Hadi Abdul, an NCSSM-Durham junior from Northwest Cabarrus High School in Concord, and Tess Totten, another Durham junior who is originally from Asheville High School, teamed up in the second half of the term to work toward a better way of determining if perishable food goods have, indeed, gone bad. Sell-by or expiration dates seldom mean an item has actually become unsafe or unfit for consumption, resulting in an untold amount of food waste filling landfills on a daily basis. Eliminating or reducing such waste could have an incredible benefit for a number of systems, from farming to economics to the environment to food insecurity.
Hadi and Tess’ project focused on creating a biodegradable film for food packaging that would change from a faint pink color to a bright green when it sensed a change in pH levels in poultry that was spoiling. To do that, they extracted a pigment derived from cabbage that is subject to similar color changes and inserted it into a biodegradable film – a smart film, they call it – and then tested it.

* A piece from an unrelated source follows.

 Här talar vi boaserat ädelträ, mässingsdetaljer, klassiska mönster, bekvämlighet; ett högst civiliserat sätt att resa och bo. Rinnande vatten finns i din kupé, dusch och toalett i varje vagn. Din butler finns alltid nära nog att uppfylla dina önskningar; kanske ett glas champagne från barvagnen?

Hadi chose Research Experience in Chemistry because he has always been interested in “learning the unlearned,” he says. “That’s the reason that I even came to the North Carolina School of Science and Math: to explore the unlearned. And in order to do that, I feel like having a fundamental understanding of what research is is something that’s super important.”
Further driving his enrollment in the course is the fact that his mother was diagnosed with cancer nearly one year ago. Research, Hadi knows, is the only way toward better treatments and, one day, a cure. He wants to contribute to those breakthroughs as a cancer researcher. This J-Term may just be the beginning of that. But it’s a long process, with a lot to learn about research in general.

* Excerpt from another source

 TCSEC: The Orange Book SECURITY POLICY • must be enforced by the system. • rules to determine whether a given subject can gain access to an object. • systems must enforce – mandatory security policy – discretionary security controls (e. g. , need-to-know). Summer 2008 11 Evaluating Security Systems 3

Tess, who plans a future in neuroscience, saw the experience as an opportunity to warm up for later research at NCSSM. She already had a bit of experience in a lab, having participated in a self-organized summer mentorship at Western Carolina University, where she shadowed university-based researchers. But here in the Research in Chemistry J-Term, she says, it’s more hands-on, and more self directed, which she loves.
“Dr. Spells was definitely there to advise us and help us out if we didn’t completely understand something, but we had a lot of freedom to develop our own procedures and develop different trials as long as we stayed within the bounds of laboratory safety.”
By the end of the second half of the J-Term, the results of Hadi and Tess’ experiment were in. There were a few twists and turns the research took, Tess says, but surprisingly, she and Hadi got the result they were hoping for: the smart film actually changed color when exposed to a change in pH.
“It took us almost six hours just to extract the pigment and insert it into the plastic,” Tess says. “Had it not worked, we would have been back at square one. But thankfully – miraculously – we got very lucky.”
While happy the experiment worked out for Hadi and Tess, Spells says research results aren’t all that important in this introductory course.
“I don’t necessarily worry that much about whether or not it’s actually a ‘successful’ outcome in the four-week period,” he says, “but what I do want is for students to take on something that will give them a sense of accomplishment and open them up to what else might be possible.”